■ REQUIREMENT ■
What you return must match the records below character for character, except that no picture appears.

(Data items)
● ● ●

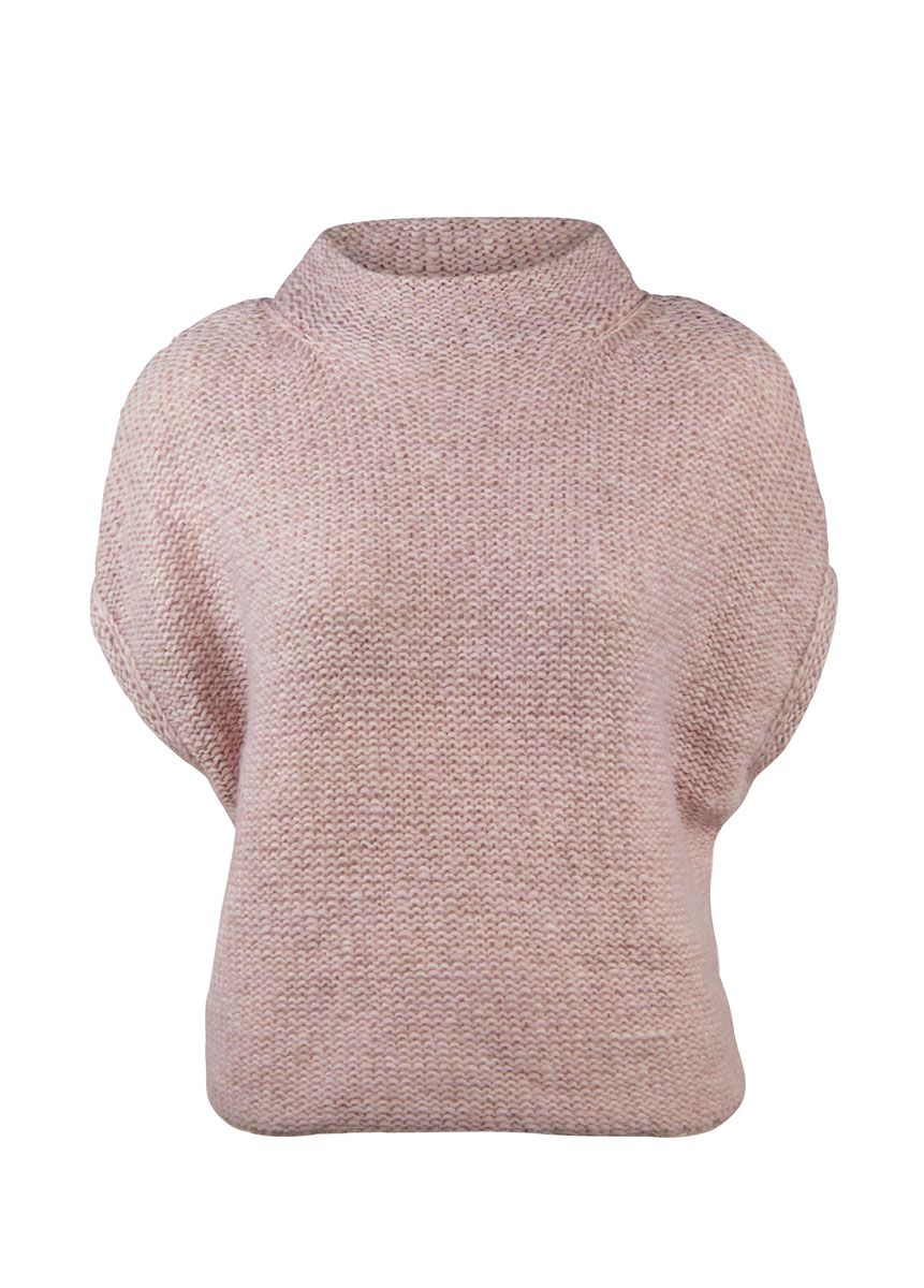 Lana Grossa Brigitte No. 2 (47 % Alpaka, 45 % Baumwolle, 8 % Schurwolle, Lauflänge 140 m/50 g) 250 (250 – 300) g Altrosa (Fb 12); Stricknadeln Nr. 5 und 7; eine 40 cm lange Rundstricknadel Nr. 7.
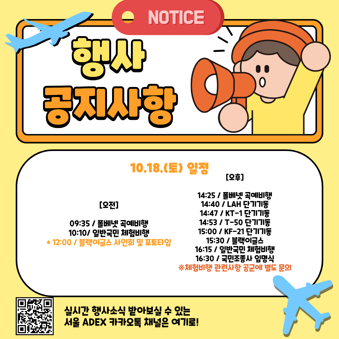 서울 ADEX 2025 비행일정 안내 ('25. 10. 18.)
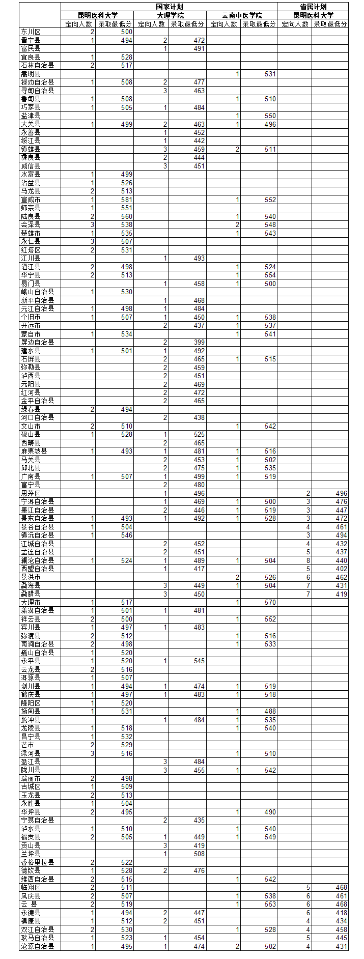 [图文]2012年云南省农村订单定向免费医学生招生情况统计表
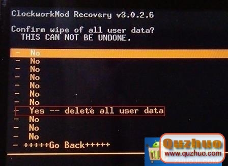 選擇Wipe DATA/Factory reset(中文版:清空DATA恢復出廠設置),然後再選擇delete all user data(中文版:刪除全部用戶數據)
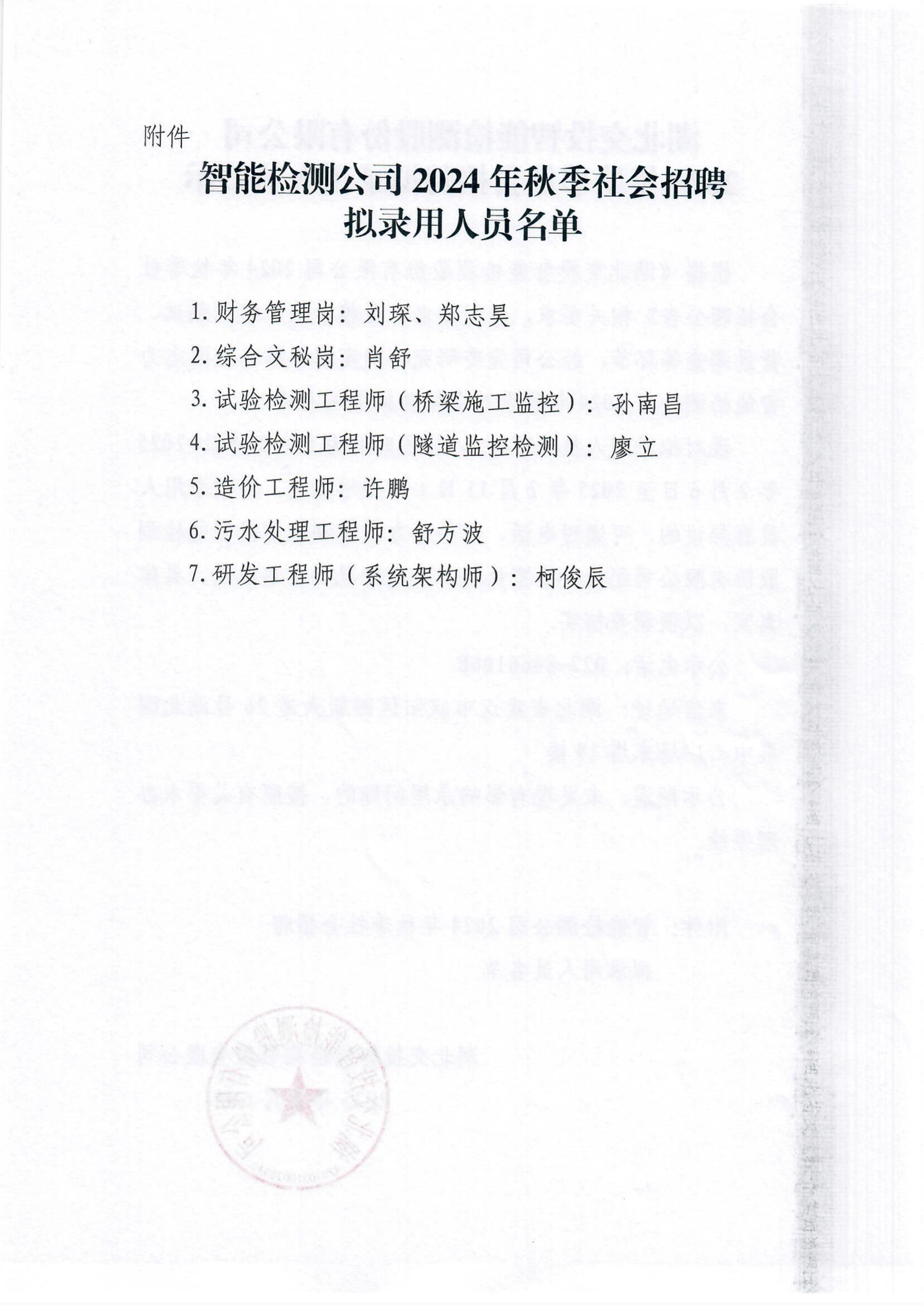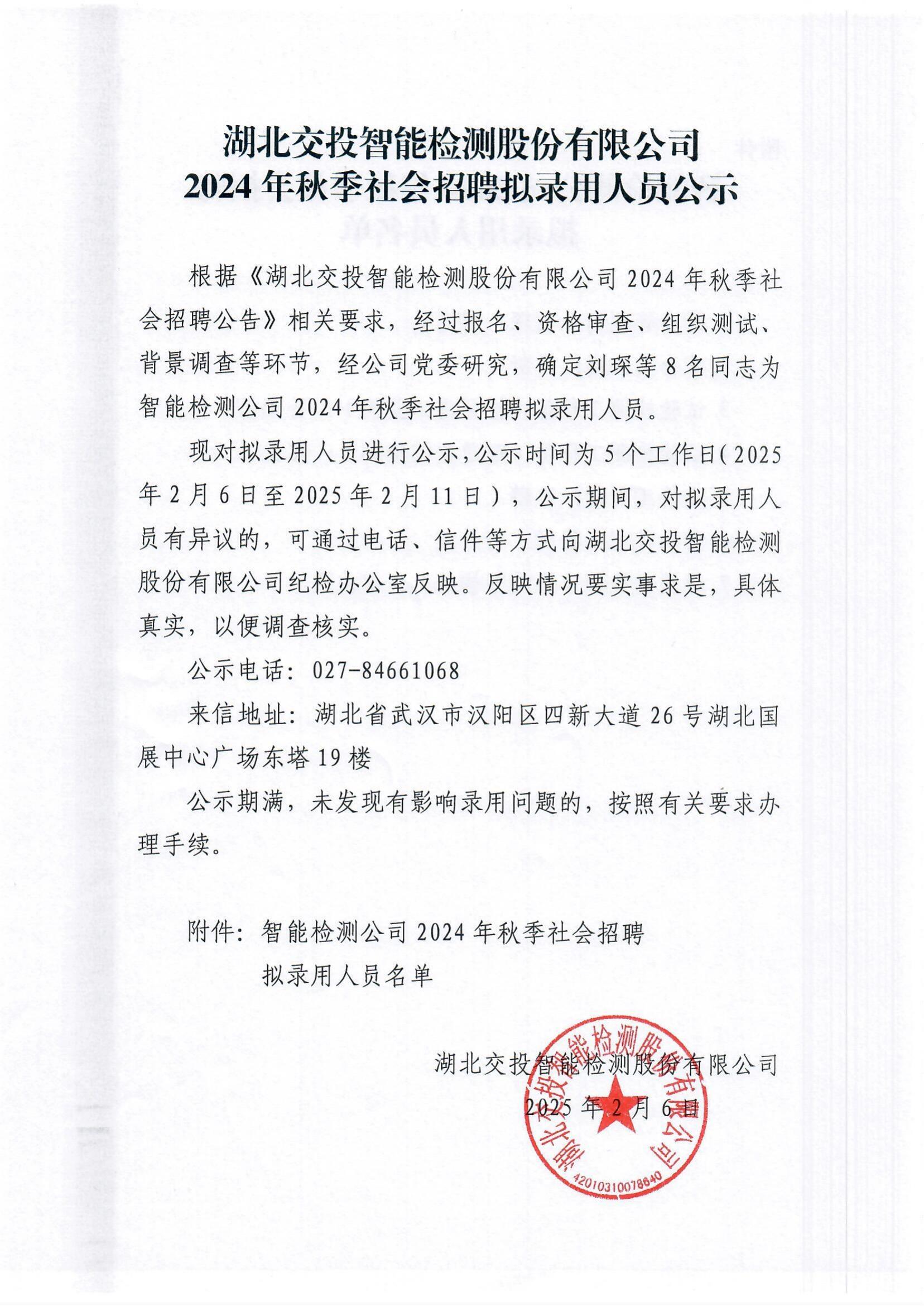 湖北交投智能检测股份有限公司2024年秋季社会招聘拟录用人员公示

● ● ●

■ ANSWER SECTION ■
 Lana Grossa Brigitte No. 2 (47 % Alpaka, 45 % Baumwolle, 8 % Schurwolle, Lauflänge 140 m/50 g) 250 (250 – 300) g Altrosa (Fb 12); Stricknadeln Nr. 5 und 7; eine 40 cm lange Rundstricknadel Nr. 7.
 서울 ADEX 2025 비행일정 안내 ('25. 10. 18.)
 [图文]2012年云南省农村订单定向免费医学生招生情况统计表
 選擇Wipe DATA/Factory reset(中文版:清空DATA恢復出廠設置),然後再選擇delete all user data(中文版:刪除全部用戶數據)
 湖北交投智能检测股份有限公司2024年秋季社会招聘拟录用人员公示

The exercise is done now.